Iwi/hapu don’t “own” water as the general law defines “own”. Nobody does, not even the government. But iwi/hapu do have legacy and cultural claims because in Maori law lakes, rivers and streams were and are vital to life and integral to their being and identity, which is akin to a form of ownership.

Treaty Negotiations Minister Chris Finlayson in effect acknowledged that in the settlement with Whanganui iwi which declared their awa a legal person, with a joint iwi-Crown board.

This sort of recognition is an element in the slow march towards a bicultural nation in which the ex-British and Maori cultures have equal status.

This does not translate into equal weight in everyday life. On Monday the Treaty will be commemorated in the breach as well as in the spirit. Our national day is still not truly national. Only a small fraction of our people “walk in two worlds”.

We are, for example, a couple of generations away from being bilingual — if we ever will be. On that Switzerland could show us a pathway. English took a step along it last week when he spoke off the cuff in te reo for two to three minutes at Ratana.

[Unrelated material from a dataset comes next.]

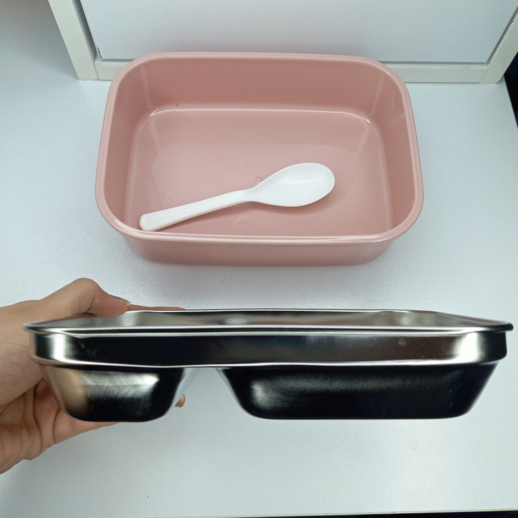 این ظرف غذا شامل یک عدد قاشق می باشد. استیل ضد زنگ و سه قسمته است. هرچهار سمت ظرف غذا باز شونده است. قسمت سرو غذا از بدنه جدا میشود. قابل استفاده در ماکروویو نیز هست.

Contrast Don Brash’s revival of his 2004 “one nation” theme, insisting on no race-based distinctions and persisting with the intriguing notion that Maori are privileged. Disproportionate failure in school, health and income and disproportionate success at filling up prisons constitute an interesting privilege.

Last September part-Maori Winston Peters – not a member of the iwi leaders’ aristocracy — held up the Taranaki Iwi Claims Settlement Bill because it would force the Taranaki Regional Council to appoint three iwi representatives to its each of its policy-and-planning and regulatory functions committees.

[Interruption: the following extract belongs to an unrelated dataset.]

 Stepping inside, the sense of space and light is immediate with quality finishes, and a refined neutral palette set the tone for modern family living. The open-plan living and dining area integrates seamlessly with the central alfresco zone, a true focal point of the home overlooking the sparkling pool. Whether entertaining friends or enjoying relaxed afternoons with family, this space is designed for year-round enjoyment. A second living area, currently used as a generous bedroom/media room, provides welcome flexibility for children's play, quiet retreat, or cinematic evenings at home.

New Zealand First submitted to the parliamentary committee against a resource management reform bill which, as Peters put it in a speech in December, would enact a deal with iwi leaders to give “unelected tribal representatives” the right “to veto the decision-making of elected local councillors” through iwi participation agreements. Peters wants to “put the ‘K’ back in front of ‘iwi’ “.

You can see why iwi leaders would want that arrangement in the bill. With very few exceptions, councils have resisted creating Maori wards, thus burying Maori votes in the majority so there is not a proportionate Maori voice.

A New Plymouth District Council referendum in 2015 to create a Maori ward was defeated 83%-17%.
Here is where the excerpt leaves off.